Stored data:
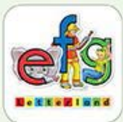
Letterland Stories EFG
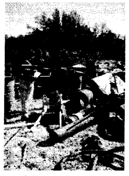
Performing a environmental site assessment.

2. Property Maintenance Inspection or Commercial Building Inspections: This second type of inspection is a grown up home inspection for residential and commercial buildings and their sites. It is often completed for the same reasons a home inspection is requested by a home buyer. The potential purchaser of the commercial building wants an assessment of the property and its components to learn its conditions and to negotiate a better purchase price if it is warranted or just to obtain leverage or feel comfortable with the purchase. There are inspection firms which try to define the standards of the inspection here but in the end it is between the inspector and the client as to what inspection standards will be conducted or the scope will be. The commercial inspections standards are different than a home or residential property inspection due to the more complex components that will
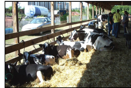
Cows at the 4-H Fair

Most of the structures and field areas of the South County Park can be reserved for special activities. For information, availability, or general inquiries about events at the South County Park, contact the park office at (908) 782-1158.
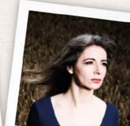
Percussion: Evelyn Glennie
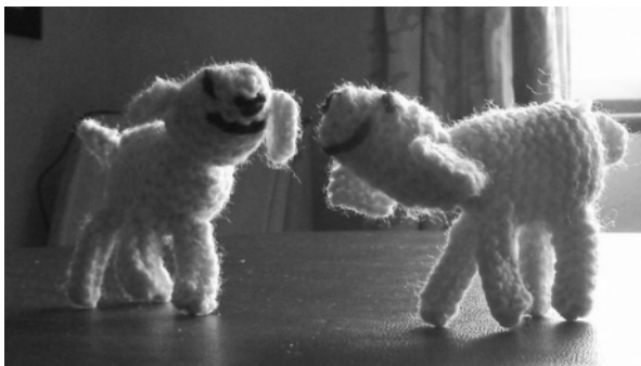
The Knitted Bible
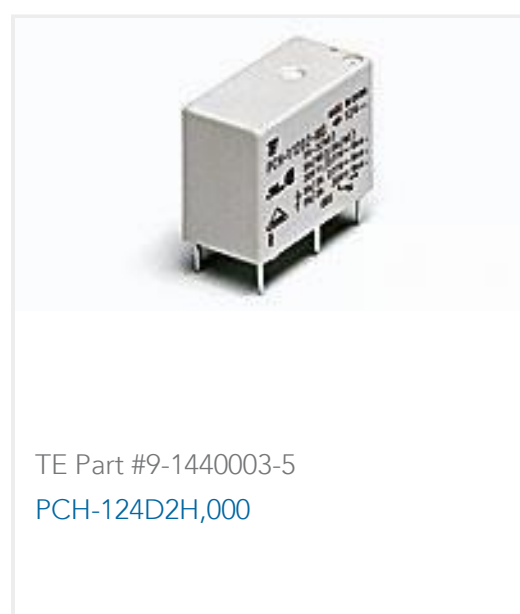
TE Part #9-1440003-5 PCH-124D2H,000
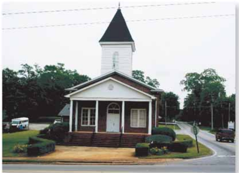
First Christian Church has met at its Main Street location since it was founded in 1897.

First Christian Church is located at 4 North Main Street in Watkinsville. You can visit the church on the web at www.firstchristianwatkinsville.com .
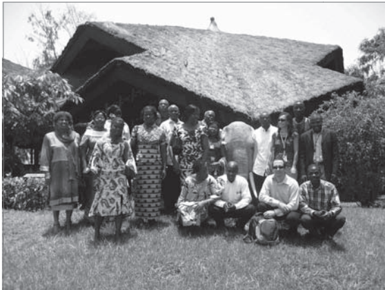
Qualified trainers who have successfully completed a Training of Trainers workshop facilitated by IDMC in Côte d'Ivoire.

and that they used the modules to train their own organisations. Göc Der, a major IDP solidarity network in Turkey, also organised two workshops at the community level. However, it should be noted that financial constraints have hindered many NGOs from conducting more workshops on their own. UNDP Turkey has therefore continued its efforts to get more support from the donor community to help Turkish NGOs to develop follow-up training activities.
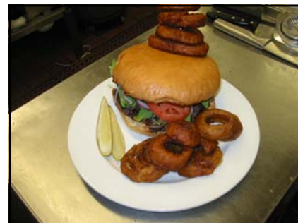
"The Sir Lawrence", Gotta see it and taste it to believe it!
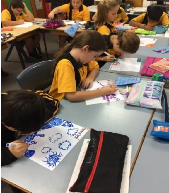
3/4 Black are developing visualising skills
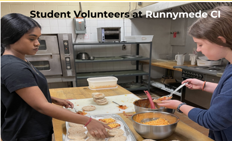
Student Volunteers at Runnymede CI

During the last 2 years, SNP's modified their delivery models and menus to ensure safety requirements were met. Happily, this September, most SNP programs have safely reopened and returned to pre-COVID practices as public health restrictions have lifted. Many schools are benefitting from student and parent volunteers, food preparation on site and less waste. Unfortunately, increased food costs are negatively affecting SNP's (and families) and access to food at school is more important than ever. Parent donations and additional support from our partner TFSS has helped schools to continue to provide fresh fruit, vegetables and other healthy snacks to students.

What you will do:
Make an exact copy of the records shown above, without the pictures.

Response box:
Letterland Stories EFG
Performing a environmental site assessment.

2. Property Maintenance Inspection or Commercial Building Inspections: This second type of inspection is a grown up home inspection for residential and commercial buildings and their sites. It is often completed for the same reasons a home inspection is requested by a home buyer. The potential purchaser of the commercial building wants an assessment of the property and its components to learn its conditions and to negotiate a better purchase price if it is warranted or just to obtain leverage or feel comfortable with the purchase. There are inspection firms which try to define the standards of the inspection here but in the end it is between the inspector and the client as to what inspection standards will be conducted or the scope will be. The commercial inspections standards are different than a home or residential property inspection due to the more complex components that will
Cows at the 4-H Fair

Most of the structures and field areas of the South County Park can be reserved for special activities. For information, availability, or general inquiries about events at the South County Park, contact the park office at (908) 782-1158.
Percussion: Evelyn Glennie
The Knitted Bible
TE Part #9-1440003-5 PCH-124D2H,000
First Christian Church has met at its Main Street location since it was founded in 1897.

First Christian Church is located at 4 North Main Street in Watkinsville. You can visit the church on the web at www.firstchristianwatkinsville.com .
Qualified trainers who have successfully completed a Training of Trainers workshop facilitated by IDMC in Côte d'Ivoire.

and that they used the modules to train their own organisations. Göc Der, a major IDP solidarity network in Turkey, also organised two workshops at the community level. However, it should be noted that financial constraints have hindered many NGOs from conducting more workshops on their own. UNDP Turkey has therefore continued its efforts to get more support from the donor community to help Turkish NGOs to develop follow-up training activities.
"The Sir Lawrence", Gotta see it and taste it to believe it!
3/4 Black are developing visualising skills
Student Volunteers at Runnymede CI

During the last 2 years, SNP's modified their delivery models and menus to ensure safety requirements were met. Happily, this September, most SNP programs have safely reopened and returned to pre-COVID practices as public health restrictions have lifted. Many schools are benefitting from student and parent volunteers, food preparation on site and less waste. Unfortunately, increased food costs are negatively affecting SNP's (and families) and access to food at school is more important than ever. Parent donations and additional support from our partner TFSS has helped schools to continue to provide fresh fruit, vegetables and other healthy snacks to students.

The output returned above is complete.